[51245] in North American Network Operators' Group
RE: FORGET THE LETTERS (was RE: Eat this RIAA)
daemon@ATHENA.MIT.EDU (Nigel Clarke)
Wed Aug 21 23:39:44 2002
Reply-To: <nigel@forever-networks.com>
From: "Nigel Clarke" <nigel@forever-networks.com>
To: "Sean Donelan" <sean@donelan.com>, <nanog@merit.edu>
Date: Wed, 21 Aug 2002 23:27:30 -0700
In-Reply-To: <Pine.GSO.4.40.0208212306270.29124-100000@clifden.donelan.com>
Errors-To: owner-nanog-outgoing@merit.edu
To be perfectly honest, I could care less about any letters.
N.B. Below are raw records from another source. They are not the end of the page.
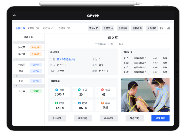 运用AI人体姿态识别技术实现运动姿态的实时分析,实时收集并分析学生动作规范度、力量输出、体能状况等运动数据。分析数据实时上传至平台,教师及管理端可随时查看训考分析实况,实现训练数据的实时监控。
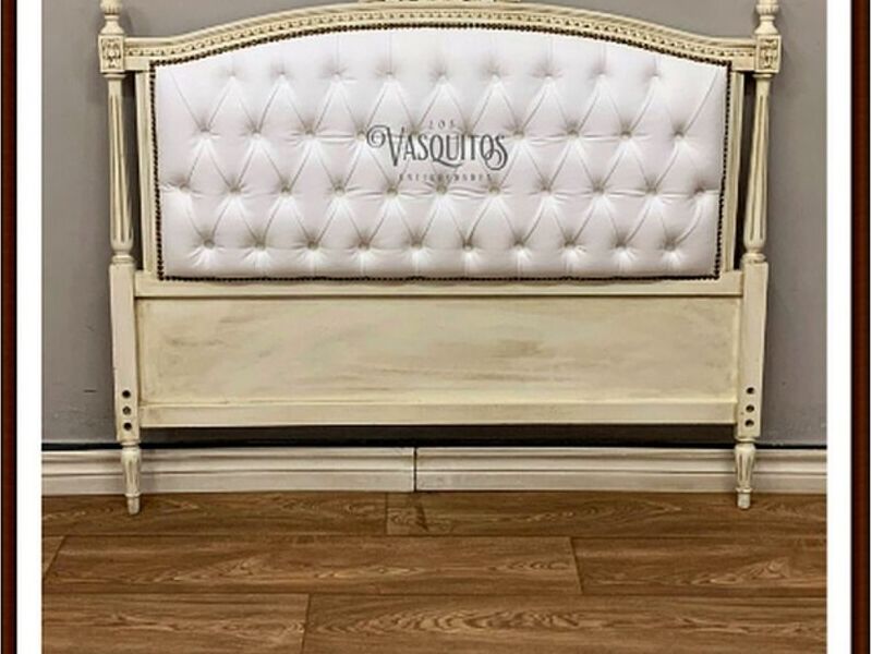 PRODUCTO: ****Respaldo Luis XVI *** “DISPONIBLE” MEDIDAS: Alto 1.30 – Ancho 1.50 TERMINACIÓN: Blanco Patinado. Tapizado Ecocuero Blanco. Tachas Plateadas.
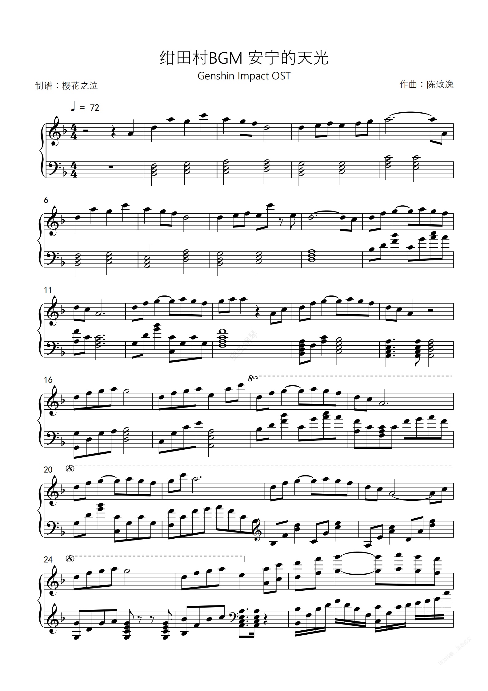 钢琴谱:原神 绀田村BGM 安宁的天光
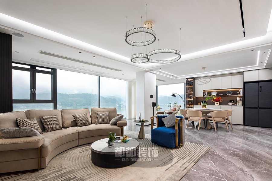 客厅整体风格偏向柔和,与吴女士本身的女性气质暗自呼应,喜欢慵懒氛围的吴女士不喜欢条条框框的限制,更倾向于流畅舒适的空间,全开放的布局餐厅和客厅之间没有隔墙,减少了两个功能区的隔阂。
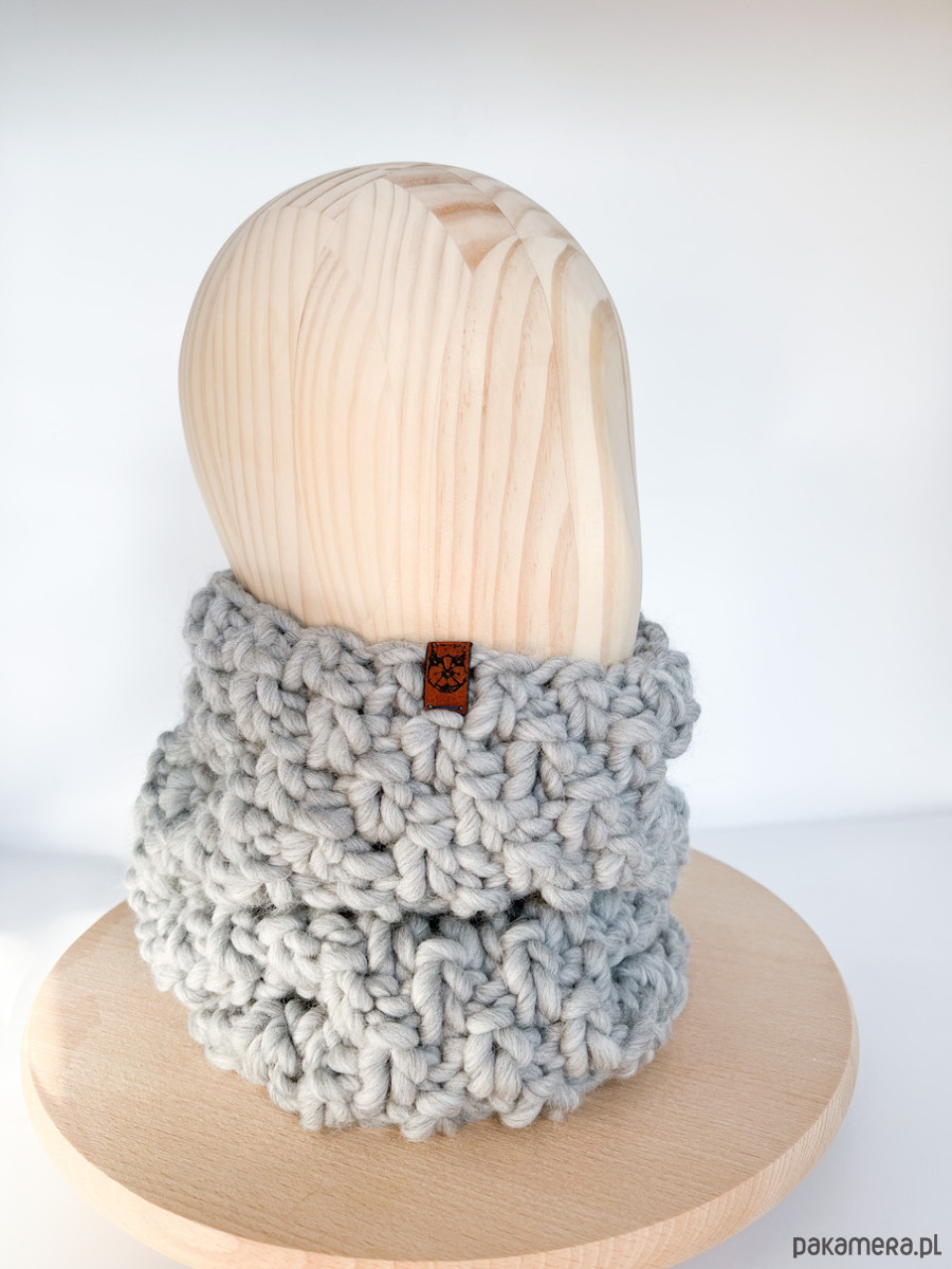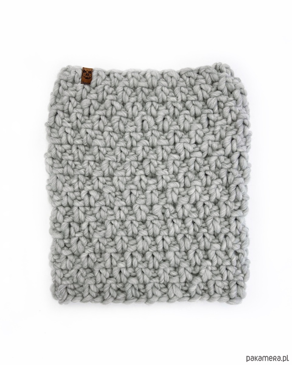 *Komin w momencie pierwszego założenia dość mocno otula szyję. W trakcie noszenia, po kilku dniach, rozciągnie się o 4-5 cm (na płasko), dzięki czemu będzie się łatwiej układał.

It might be a
good idea to follow in the footsteps of
Informationwave and just take action.
<CLARKE>
-----Original Message-----
From: owner-nanog@merit.edu [mailto:owner-nanog@merit.edu]On Behalf Of
Sean Donelan
Sent: Wednesday, August 21, 2002 8:20 PM
To: nanog@merit.edu
Subject: $12,000 per person registration fee (was RE: Eat this RIAA)
On Wed, 21 Aug 2002, Nigel Clarke wrote:
> However, this type of action might not be necessary at all.
>
> Some of the users on this list think RIAA's recent actions are nothing
more
> than empty threats.
> Why doesn't NANOG make a few of its own?
>
> A "polite" letter from a NANOG representative should do the trick.
The RIAA's annual budget is roughly $18 million. That pays for lawyers
and other stuff which goes into writing "polite" letters. To raise that
much money Merit would need to charge about $12,000 per person per NANOG
meeting. People complain the current $300 registration fee is too much.
NANOG is not a lobbying organization. There are other several
organizations (and mailing lists) you may want to consider instead, such
as the Electronic Frontier Foundation http://www.eff.org/ You can also
write your elected representatives for the price of a postage stamp. Some
congress critters even accept e-mail now.